Often the debates over scholarly author rights and open access focus on who gets to read and use scholarly articles, and what gets paid to whom.  This episode highlights another important part of the debate: who gets the right to guard the integrity of one’s scholarship.  In the light of recent revelations, authors might want to think carefully about whether to sign that right away, and to whom.

[Updates, 9 May 2009: Some spelling corrected, and a note added that disclosure is not the only potential concern of authors whose works are used for marketing purposes.]

What are the marketers of EndNote afraid of?

If you write papers on a regular basis, you’ll find it worthwhile to keep track of sources you might cite. When I was in grad school, I manually edited a BibTeX file to keep track of the references for my dissertation and other papers. Nowadays there are easier to use, Web-aware tools that let you automatically import citations as you do your research, organize, edit, and annotate them, and then include appropriate ones in your paper’s bibliography. One of the first products of this type was EndNote, a Mac and Windows application marketed by Thomson Reuters. It’s still widely used, but it’s hardly alone in this field. Also popular among scholars is the web-based RefWorks, marketed by ProQuest. And a new free entry, the open-source browser-plugin-based Zotero from George Mason University, is gaining popularity.

I don’t currently use any of these tools, but have lately been thinking about adopting one. And just now one of them, Zotero, got an unusual bit of marketing that makes me think it’s worth a try: its makers have just been sued for $10 million by Thomson Reuters, marketers of EndNote.

The text of the complaint filed in Virginia court is interesting both for what it says and what it doesn’t say. Thomson isn’t claiming that Zotero violated their copyrights or stole their trade secrets; they’re claiming rather that GMU violated the license of the software. The violation? Reverse-engineering the proprietary file format used by EndNote for style files, and allowing Zotero uses to import EndNote-formatted style files into Zotero and export them into an open format.

Style files specify how bibliographic references should be formatted for different publishers. They allow you to automatically format the same citation in different ways depending on, say, whether you’re writing for Urban Studies or the Journal of the Royal Society of Medicine. The citation formats are specified by the publishers, not the bibliographic software developers; the style files should simply be an encoding of the publisher’s guidelines in a machine-actionable format.

Thomson claims that the ability to read these publisher guidelines in their proprietary format is a grave threat to EndNote. As they put it in their complaint:

GMU is willfully and intentionally destroying Thomson’s customer base for the EndNote Software […] by allowing and encouraging users of Zotero to freely convert the EndNote Software’s proprietary .ens style files into open source Zotero .csl style files and further distributing such converted files to others.

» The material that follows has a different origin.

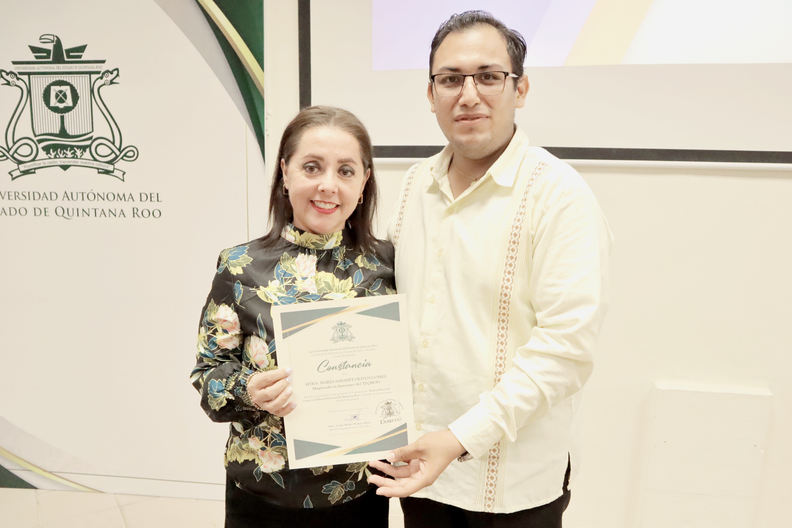 La moderación estuvo a cargo del estudiante Jossmar Pineda Reyes, mientras que el encargado de entregar los reconocimientos fue el alumno Luis Ramírez Baeza. También estuvieron presentes, el Jefe del Departamento de Derecho de la UQROO, Carlos Herrera Mejía y el profesor José del Carmen Lugo.

(I should note that the facts of this allegation are in question. GMU has yet to make an official statement on the claims of the suit, but Peter Murray claims that the Zotero code simply reads and interprets .ens files (which can be created either by Thomson or by EndNote users), and does not export them into other formats.)

Does Thomson have a legal case? That may depend on the language of the license and its enforceability. (On the one hand, Virginia is one of two states that passed UCITA, a law that gives software vendors wide leeway in dictating and enforcing software license terms. On the other hand, the license as quoted prohibits “reverse engineering [the] Software”, and the only reverse engineering I’ve seen has been on the file formats the EndNote software produces, not the software itself.) Folks interested in commentary from legal experts might find these posts of interest.

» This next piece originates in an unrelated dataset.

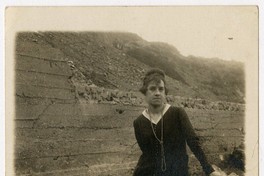 [Mujer con collar apoyada en una roca] [fotografía]. [Chile : entre 1920 y 1930]. 1 fotografía : monocromo, gelatina sobre papel fibra ; 14 x 9 cm .

Thomson’s actions suggest serious weakness of its marketing case, at any rate. As a potential customer, I look for organizations that provide the best software and services for what I need to do, and that empower me to get my work done in the way I see fit. I’m willing to pay a fair price for this software and service, and to respect developer’s copyrights, but I in turn want value for money, and respect for the customer’s needs.

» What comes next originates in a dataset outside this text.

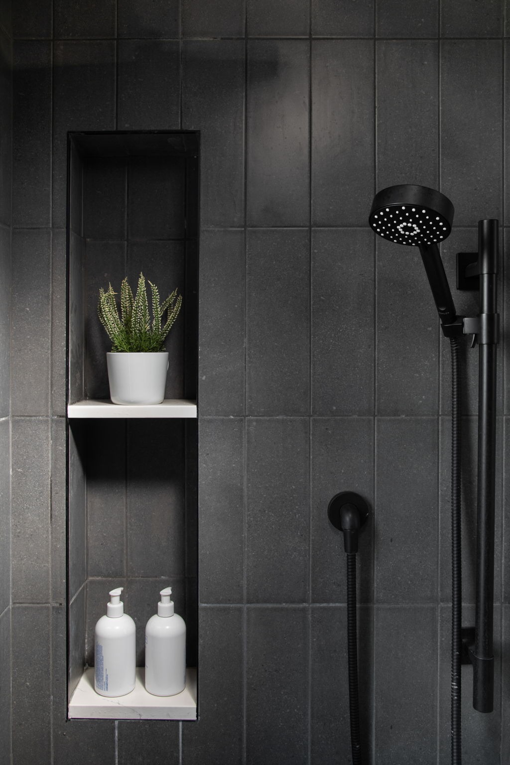 For the shower in our 413 Grand Street renovation, we used Diesel Camp in Rock Gray to create a moody, tailored envelope that feels both modern and quietly tactile. The 4 by 12 matte ceramic tiles are installed in a straight stack, letting the collection’s textile inspired stone texture take center stage without visual clutter. That subtle, fabric-like surface gives the walls depth and softness, while the durable ceramic body handles daily steam and wear with ease. Finished in a French Gray grout, the joints disappear into the field, so the shower reads as one continuous, spa calm backdrop that elevates the niches and black fixtures instead of competing with them. View our full Lower East Side co-op renovation at 413 Grand St.

If EndNote provides service and value that’s superior to its competitors, that should be enough to retain and grow its customer base. It shouldn’t need to try to lock the data the software outputs in proprietary formats, to impose license terms on its customers to keep them opaque, or to sue its customers when they nonetheless figure out how to decode them. Whatever their internal motivation, Thomson’s actions appear from the outside to be driven more by fear of competition than recovery of ill-gotten gains.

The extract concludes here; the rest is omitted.